TrackerV3 can sort by extension, and then by name as 2nd criterion. If
that's what you want try: http://www.trackerv3.com/

Donald
 
Suppose I want to sort things so that all the .gifs, htm etc. files
are together ? Or perhaps together and sorted in each category eg.

...................1.gi
...................2.gi
...................3.gif
...................1.htm
...................2.htm

etc. etc.

How would I do this ? Sorting from the end of a line rather than the
beginning ? What method/program/utility would people here suggest
please ?

Hm. Seems you *really* want to sort the text but tell your favorite file
lister to sort itself. There is one program, I know of, which *nearly*
does this kind of things. (But in fact fails on your concrete problem.)
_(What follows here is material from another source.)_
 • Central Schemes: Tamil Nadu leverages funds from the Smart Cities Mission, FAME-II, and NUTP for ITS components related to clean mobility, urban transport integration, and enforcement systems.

There was a PC-Mag Utility in the early '90th (when they were undoubtedly
freeware) called PCSort. Look here:

http://short.stop.home.att.net/freesoft/txtfrmt1.htm

Unfortunately, it uses only Spaces as word bounaries, while you need
dot and backslash. But it *does* permit sorting word-wise from end
and from beginning of the line, likewise.
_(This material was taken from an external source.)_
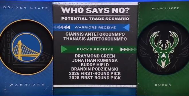 帕金森则在ESPN的节目中分析勇士队可能会以:德雷蒙德-格林、库明加、希尔德、波杰姆斯基、2026年首轮签、2028年首轮签去换扬尼斯、萨纳西斯,但帕森斯最后也表示这个代价很高,勇士队很可能会放弃。

If you want invest a bit of time: It is accompanied by Assembler source.
You only need to change the word parsing subroutine. Replace the SPACE
immediate by 0x2E and you have your first boundary. (This can be even
done by patching.) Add an additional comparison with 0x5C and you have
your backslash test. After that your sorting only fails when you have
files with more than one dot in their names. ;-)

BeAr
 
Suppose I have the following text details :

9/Aug/04 02:47: /~johnf/web15.jpg
9/Aug/04 02:02: /~johnf/knight.gif
9/Aug/04 01:40: /~johnf/spirits.htm
9/Aug/04 02:02: /~johnf/welcome.htm
9/Aug/04 02:47: /~johnf/chspirit.htm
9/Aug/04 02:20: /~johnf/ouija.htm
9/Aug/04 02:02: /~johnf/world2.jpg
9/Aug/04 02:02: /~johnf/blue.jpg

Suppose I want to sort things so that all the .gifs, htm etc. files
are together ? Or perhaps together and sorted in each category eg.

...................1.gi
...................2.gi
...................3.gif
...................1.htm
...................2.htm

etc. etc.

How would I do this ? Sorting from the end of a line rather than the
beginning ? What method/program/utility would people here suggest
please ?

My favorite solution is already built into the operating system, if
you can get comfortable using command windows.

Pop up a command window in the folder you want to sort, then type
DIR /OEN
to sort first by file extension (the type of file) then by name.
DIR /OEN >TEMP.TXT
puts the sorted listing in a file you can open with NotePad.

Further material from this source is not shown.